We go back to people who believe, wrongly, that their life will magically change because a baby appears.

openbluewater · 13/02/2018 17:05

I had a colleague like that Sooz

‘Oh you’re so lucky going home to peace and quiet.’

Curlywurlyquerly · 13/02/2018 17:07

YANBU and i speak as a mother of several. It’s overrated.

openbluewater · 13/02/2018 17:08

Christ

Leiaorganashair · 13/02/2018 17:09

I did not believe my life would magically change because I had a child. Spoiler alert, it didn't.

I did desperately want a child. I tried to come to terms with it never happening before I had DD. Comments like "at least you have freedom," "you have godchildren, you get the best of both worlds," "life must be soooooo much less stressful" made it worse.

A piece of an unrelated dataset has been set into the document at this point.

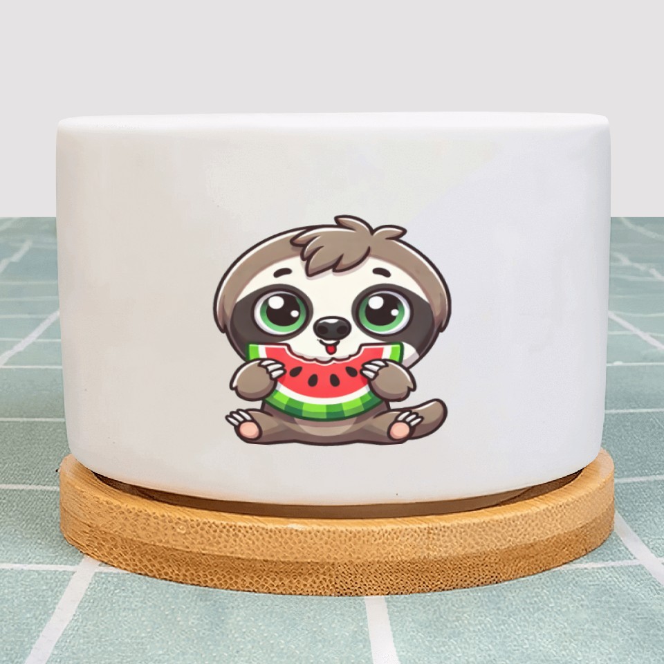 You are shopping for a stunning and trendy product Sloth with watermelon cartoon summer vibes Plant Pots For WHITE belong theme Plant Pots at Printblur
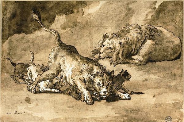 Curator: This is Eugène Delacroix's "Lion and Alligator," painted in 1855 using oil paints. Editor: Right off the bat, it's got a dramatic feel! Sort of murky light, and a definite sense of predator-prey tension playing out. Curator: Absolutely, Delacroix captures that intensity. This painting reflects an ongoing fascination of the time with exotic animals and dramatic scenes. The focus on the raw power of nature aligns strongly with the Romanticism movement. Editor: Romanticism loved a bit of theatricality, didn't it? This is less about objective reality and more about stirring feelings of awe and even terror. The slightly blurred details amplify that, making it more of an impression than a crystal-clear depiction. Like he wants us to *feel* the scene. Curator: He really wants us to consider that fine line between dominance and vulnerability, a frequent theme in Romanticism. There is such violence in it but you almost feel sympathy for the alligator. Delacroix had made studies in zoos, so, for the painting to still look staged speaks volumes. Editor: So, thinking about its cultural impact, how did a painting of exotic animals presented as almost mythic reflect back on how people viewed colonialism or power dynamics at the time? Curator: That's a very astute question! These images served to reinforce notions of European superiority. Paintings like this allowed people to vicariously experience exotic lands and conquer nature without leaving their homes. The display of the subjugation of a dangerous animal speaks to the presumed control that society has over its environment and the unknown "other." Editor: I guess the image hits differently today, now we see animals less as representations of 'wild otherness' and more as part of an interconnected ecosystem under threat. Curator: Exactly. Our evolving relationship with the natural world changes the way we interpret these artworks, adding new layers of complexity to an already rich image. It goes to show the influence of visual imagery in influencing perceptions and reflecting sociopolitical realities. Editor: Thanks! Something to really ponder as you observe Delacroix’s intensity on the canvas.

tangledyarn · 13/02/2018 17:09

curlywurly Have you read the thread? Theres a lot of people here who are really struggling and distressed about their experience of childlessness. Thats not you..thats fine but im not sure "its overrated" is helpful at all.

openbluewater · 13/02/2018 17:10

I’ve seen insensitive comments in my time but some of these are unbelievable.

Leiaorganashair · 13/02/2018 17:10

curly you are exactly the kind of insensitive knob I am talking about.

tangledyarn · 13/02/2018 17:11

open Agreed. I really hope some of these posters aren't around people in real life struggling with childlessness.

SoozC · 13/02/2018 17:11

Oh that's okay then, I was thinking it was an amazing experience to give birth to your own child and watch them growing up. But now I know it's overrated I can live happily knowing I'll probably never experience it. That's my mental health instantly improved.

FluffyWuffy100 · 13/02/2018 17:13

@openbluewater interesting post, quite thought provoking

SaskaTchewan · 13/02/2018 17:14

what do you want people to say? Honestly, when someone tells you they are in the middle of a fertility crisis and you have a baby, what exactly do you expect them to say? Suck to be you? Too bad? You don't know what you are missing?

There are good points of not having children, there's only so many "I am so sorry for you" you can come up with. There are opportunities opened when you don't have kids, it's not life your life must stop.

MadMags · 13/02/2018 17:14

Sorry @sooz I meant had you always wanted desperately to be a mother or was it when it didn’t happen naturally that it became all-consuming?

I’m wondering, I suppose, if it’s easier to be philosophical about it if it isn’t something you always yearned for.

fluffiphlox · 13/02/2018 17:15

I don’t have children, never wanted them. (And I’m easily old enough to be a grandmother now). You can live a perfectly useful life without them. Am I allowed to ask why people really, really want a child or children? I understand the fact that they do but not the ‘why’?